El rumor de que aquel argentino que estaba todo el día encerrado era un reputado neurocientífico excitó la curiosidad de los vecinos, hasta el punto de que un día la cuñada de Jacobo, que vivía en la misma calle, organizó un aperitivo al que invitó a medio barrio para sacar al científico argentino de su madriguera. Mariano suele hablar con soltura para grandes audiencias, pero eso no hace más que disimular su profunda introversión. Imaginaba ese aperitivo de vecinos chismosos —al que fue empujado por el entusiasmo social de su mujer— como una pesadilla propia de un suburbio estadounidense que no se esperaba encontrar en Madrid.

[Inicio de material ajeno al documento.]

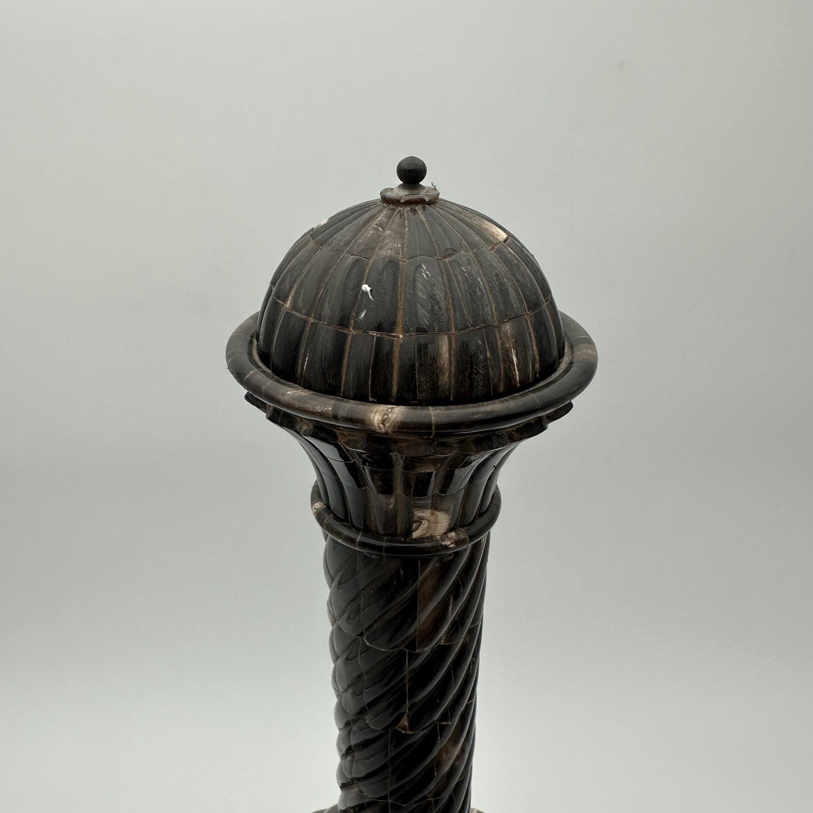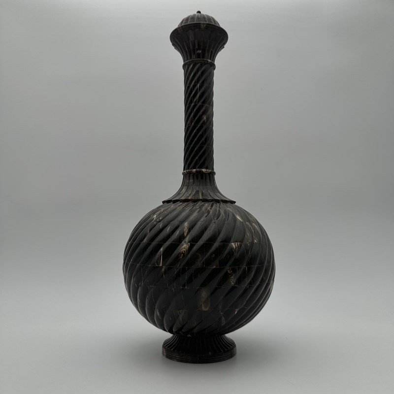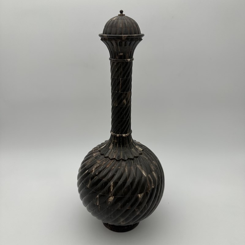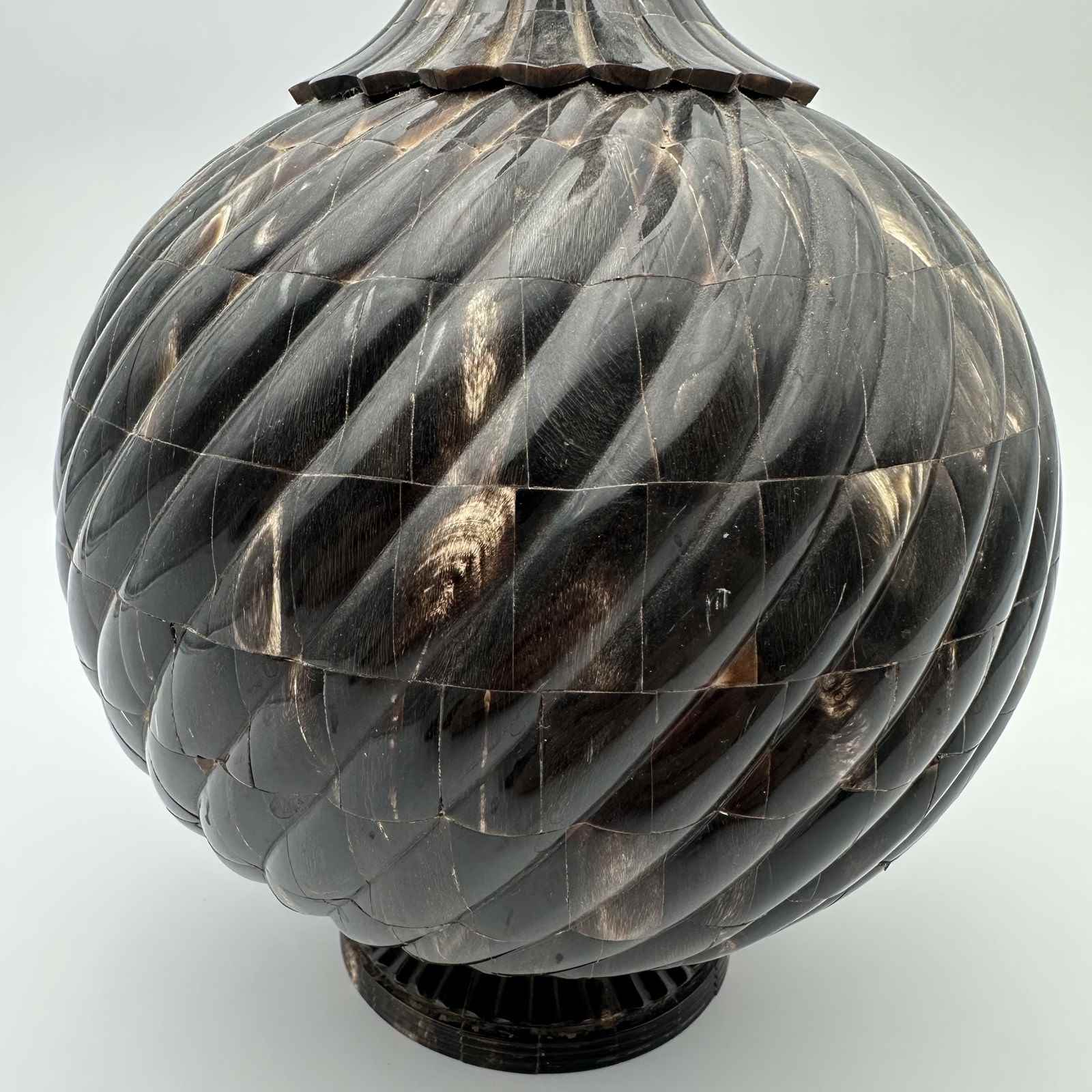 Standing an impressive 43 cm tall, the piece commands attention with its harmonious proportions. The turned wooden core, forming a generous 20 cm bulbous body, is entirely covered in a luxurious horn veneer worked into twisted gadroons. This raised pattern subtly catches the light on the brown and translucent reflections of the organic material. The refinement is taken to its peak with an elegant neck and stopper crafted from solid brass, delicately crowned with a decorative pearl finial. As a remarkable hidden detail, the base of the bottle reveals a delicate inlay depicting a lotus flower, the ultimate symbol of spiritual awakening.

Se sentó en una esquina en el más estricto silencio y calculó cuántos minutos de cortesía debía conceder a esa gente antes de poder huir de vuelta a casa. Pero su plan de huida se topó con otro que habían puesto en marcha los vecinos. La comitiva del barrio había depositado toda su confianza en las habilidades sociales de Jacobo para que le extrajera alguna declaración, cualquier información morbosa que les permitiera luego ostentarla con sus conocidos. Esperaban revelaciones oraculares sobre la naturaleza del alma humana, los rincones tenebrosos del deseo, los interruptores de la oxitocina y demás temas que rellenan las páginas de divulgación de cualquier revista dominical y provocan una fascinación casi pueril a los legos en la materia. Mariano, espeluznado ante esa encerrona, se encogió aún más si cabe en la esquina sombría del jardín donde tomaba el aperitivo, mientras Jacobo, con ímpetu de minero, seguía picando roca en busca de conversación.
Todo cambió cuando Mariano, que ya calculaba el momento de retirarse, escuchó al hermano de Jacobo hablar de un torneo de mus. Se le iluminó la cara, preguntó por aquel juego de cartas del que tanto había oído hablar, y Jacobo pudo decir con entusiasmo aquello de «¡Me alegra que me hagas esa pregunta!». A Mariano le gusta aprender los juegos que son populares en cada sitio al que viaja, mientras que Jacobo no sabe de ningún otro juego, ni le interesa aprender más; el mus le colma, siente que es la mejor manera de extender una sobremesa.
Pasado un año, Mariano y Jacobo ya se presentaban juntos a campeonatos de mus, y, como se juega de a cuatro, Mariano conoció también a los amigos de Jacobo, y a los amigos de sus amigos. Pronto empezaron a hacer otras cosas propias de la amistad, como montar en bicicleta, hacer asados y arroces y cantar en las sobremesas. Les tocó justo una buena temporada de fiestas en las que fueron generando una intimidad, en la misma medida en que también perdían algo de esa dignidad que el desconocimiento mutuo suele otorgar. Muy rápido se encendió entre ellos la química del carbono, ese elemento inexplicable que hace que dos personas sientan, en la piel, el deseo de amistad.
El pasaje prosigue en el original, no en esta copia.